**Given data:**
· · · · ·

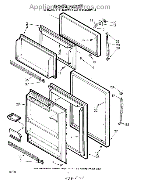 Parts for Whirlpool EET143JKWR1: 10 - Door Parts
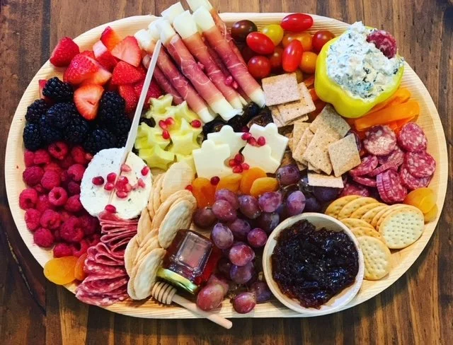 Large Board 4 premium cheeses, 3 premium meats, bacon jam, local honey, seasonal fruits, olives, nuts, crackers 17" x12"Disposable Leaf Tray Serves up to 10 $175
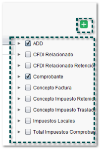 A partir de esta versión, se mostrará el botón (+) para poder Configurar columnas del lado derecho en la ventana del ADD, en documentos a los que se requiera asociar un XML.
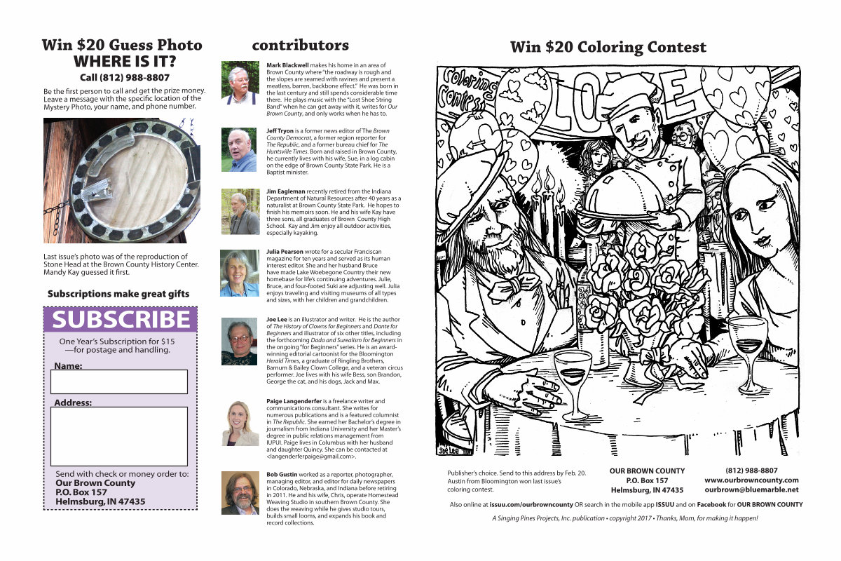 Also online at issuu. com / ourbrowncounty OR search in the mobile app ISSUU and on Facebook for OUR BROWN COUNTY A Singing Pines Projects, Inc. publication • copyright 2017 • Thanks, Mom, for making it happen!

· · · · ·

Extract the run of lines from the line holding "A partir de" through the final line of the material above, exactly and inclusively. Leave the pictures behind.

 A partir de esta versión, se mostrará el botón (+) para poder Configurar columnas del lado derecho en la ventana del ADD, en documentos a los que se requiera asociar un XML.
 Also online at issuu. com / ourbrowncounty OR search in the mobile app ISSUU and on Facebook for OUR BROWN COUNTY A Singing Pines Projects, Inc. publication • copyright 2017 • Thanks, Mom, for making it happen!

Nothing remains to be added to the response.